Add to that the forthcoming hearing of 115 charges against Manchester City (mark September 15 on the fixtures list); the promise of more heavy-handed intervention from a politically-appointed “regulator” and the fact that the transfer market increasingly resembles a people-trafficking racket. All create a profusion of noises off to distract us from the field of play.

At least the Irish Examiner soccer writers know what’s important. 

Two thirds of them predict that Arsenal, a club with long historic links to the Republic, will be champions for the first time in more than two decades.

That, at least, will please the British prime minister, Keir Starmer, season ticket holder in the West Stand of the Emirates Stadium, and part of a Downing Street lineage which includes John Major (Chelsea), Tony Blair (Newcastle), and David Cameron (Aston Villa, he said). 

None of whom saw their teams declared champions while in office.

Let battle commence in a season which promises to be like no other. 

And in which the lawyers may have to play a blinder.

Anxieties over a generation in crisis

The news that youth mental health is now in “global crisis” should provide a terrible shock to society. 

But the warnings have long been there and have their roots in the expansion of what history will define as the social media era.

A new study, which included input from University College Dublin’s Professor Barbara Dooley and published in The Lancet Psychiatry Journal, concludes that the overall need for mental health support for people aged between 10 and 24 has increased by 50% over the past two decades.

Mental illnesses now account for 45% of the overall burden of disease internationally in people in that group. 

Three quarters of such incidences have manifested by the age of 25.

The report cites intergenerational inequality, unregulated social media, precarity of employment, a lack of access to housing, and the climate crisis as principal factors “driving a global surge in mental ill health among youth.” 

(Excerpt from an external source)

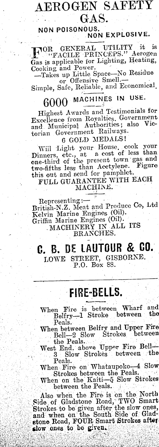 AEROGEN SAFETY GAS. NON POISONOUS. NON EXPLOSIVE. FOR GENERAL UTILITY it is ‘ ‘FACILE PRINCEPS. ’’ Aerogen Gas is applicable for Lighting, Heating, Cooking and Power. _ Takes np Little Space—No Residue or Offensive Smell.— Simple, Safe, Reliable, and Economical. 6000 machines in use. Highest Awards and Testimonials for Excellence from Royalties. Government and Municipal Authorities; also Victorian Government Railways. 6 GOLD MEDALS! AYiil Light your House, cook your Dinners, etc., at a- cost of less than one-third of the present town gas and two-fifths less than Acetylene Figure this out and send for pamphlet. FULL GUARANTEE WITH EACH MACHINE. Representing■ - n ~ , British-N.Z. Meat and Produce Co-, Ltd Kelvin Marine Engines (Oil). Griffin Marine Engines (Oil). MACHINERY IN ALL ITS BRANCHES. C. B. BE LAUTOUR & CO. LOWE STREET, GISBORNE. P.O. Box 88. FIRE-BELLS. When Fire is between Wharf and Belfry—l Stroke between the als • When between Belfry and Upper Fire Bell—2 Slow Strokes between PfifliiS* West End. above Upper Fire Bell—--3 Slow Strokes between the When Fire on Whataupoko-r-4 Slow Strokes between the Peals. When on the Kaiti—§ Slow Strokes between the Peals. Also when the Fire is on the North Side of Gladstone Road, TWO Smart Strokes to be given after the slow ones, and when on the South Side of Gladstone Road, FOUR; Smart Strokes aftei slow ones to be given*

A new study concludes that the overall need for mental health support for people aged between 10 and 24 has increased by 50% over the past two decades.
A new study concludes that the overall need for mental health support for people aged between 10 and 24 has increased by 50% over the past two decades.

It was published in the same week that Sinn Féin launched its own mental health action plan with its commitment to replace the current Child and Adolescent Mental Health Services (Camhs) system.

Recent reviews have highlighted, among other worries, long waiting lists for high-risk referrals and children being prescribed “inappropriate medication”.

This picture of a service at breaking point and lacking both staff and bed capacity must worry us, and all the more so because it has been well-publicised during a decade of inaction.

There is a bill before the Cabinet which promises a significant overhaul of the State’s mental health laws and which Minister Mary Butler says “will further modernise, reform, and protect the rights of people with mental health difficulties in the decades ahead”. 

But an upgrade is long overdue, and delays are dangerous, not only to sufferers but to victims as well.

In Britain, which struggles with similar problems and the failures of what was once described as “care in the community” — in effect a cost-saving programme — there are manifest examples of the lack of joined-up thinking.

These can be seen in the instances of derelict people on the streets and, at their grimmest, in moments of inexplicable violence such as the case last year in Nottingham where the daughter of an Irish mother was killed by a man suffering from paranoid schizophrenia.

Valdo Calocane, 32, stabbed students Barnaby Webber and Grace O’Malley-Kumar, both aged 19, and school caretaker Ian Coates, 65. 

Grace was the granddaughter of a professor emeritus who was a former chief executive of the Royal College of Surgeons in Ireland.

Calocane was sectioned four times in the past three years, and regularly lied to his doctor about taking his anti-psychotic medication.

These cases are, sadly, not a rarity. 

The era when mental illness could be downgraded to “one of those unfortunate things” is well and truly over.